Monday, 11 November 2013

Ramsay Hunt Syndrome







Please note that the following is a general guideline only. For a full assessment, exclusion of any other underlying cause for your symptoms and an individualised treatment approach, you will need to be seen by a qualified specialist.


DEFINITION


Herpes zoster oticus refers to a syndrome of acute otalgia accompanied by a herpetic, vesicular rash. When accompanied by facial paralysis, the syndrome is known as Ramsay Hunt syndrome.





EPIDEMIOLOGY

Second most common cause of acute facial paralysis (second to bells)
Mostly over 60
M=F





PATHOPHYSIOLOGY

is induced by the reactivation of the varicella-zoster virus that remains latent in the geniculate ganglion after primary infection with chickenpox.

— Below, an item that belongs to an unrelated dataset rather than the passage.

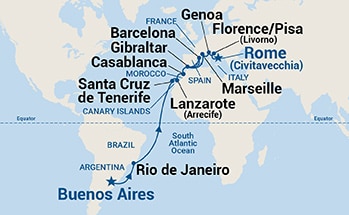 11 ports from Buenos Aires, Argentina to Rome (Civitavecchia), Italy
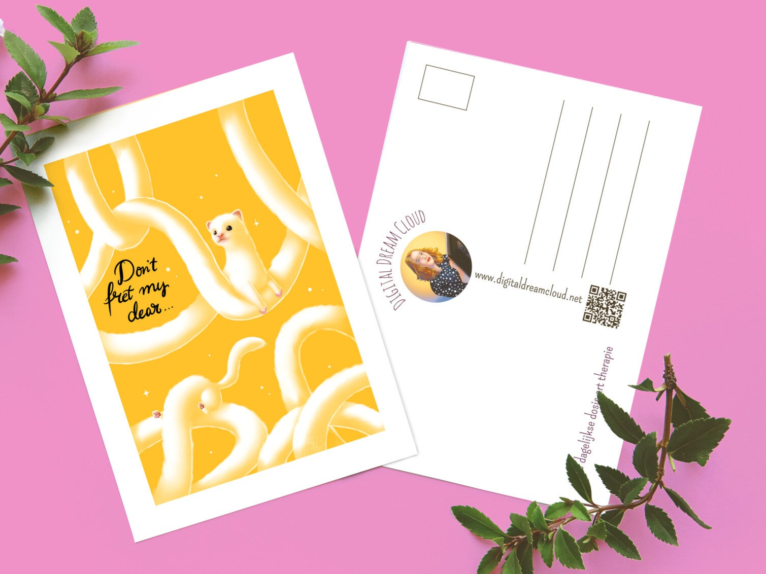 A6 formaat (randloos), in kleur dubbelzijdig geprint op 270 grams klassiek tinteretto gesso papier. Heeft een textuur dat lijkt op waterverf papier.

CLINICAL SYMPTOMS AND SIGNS

 Prodrome
majority have viral prodrome with otalgia up to a week before FN paralysis

Vesicles
present with severe otalgia and vesicular eruption in the distribution of the nervus intermedius (see below)
90% pinna, 21% oral (palate, uvula, buccal mucosa, tonsil and tongue)
occurs before paralysis in 55% and after in 45%

VII palsy
Usually rapid onset (sometimes take longer than 3 weeks)
Dysgeusia-due to N intermedius involvement
Hyperacuisis-Stapedius?

Other Cranial Nerves
VIII
-20-40%) include SNHL and vestibular dysfunction
-Tinnitus/ vertigo
V Altered sensation


severe ocular complications
uveitis, keratoconjunctivitis, optic neuritis, and glaucoma and are almost always associated with involvement of the V1 






How This Differ from Bells

Clinical-Intense otlagia/ vesicles/ involvement of other cranial nerves
Prognosis-Worse





TREATMENT 

intravenous acyclovir (10 mg/kg three times daily)
oral acyclovir (800 mg five times daily)
oral valacyclovir (500 mg three times daily) for 10 days

In combination with a 3 week tapering course of prednisone (60 to 80 mg/kg daily)



Because of the presence of “skip” regions and diffuse neuritis of the facial nerve, surgical decompression of RHS is not recommended.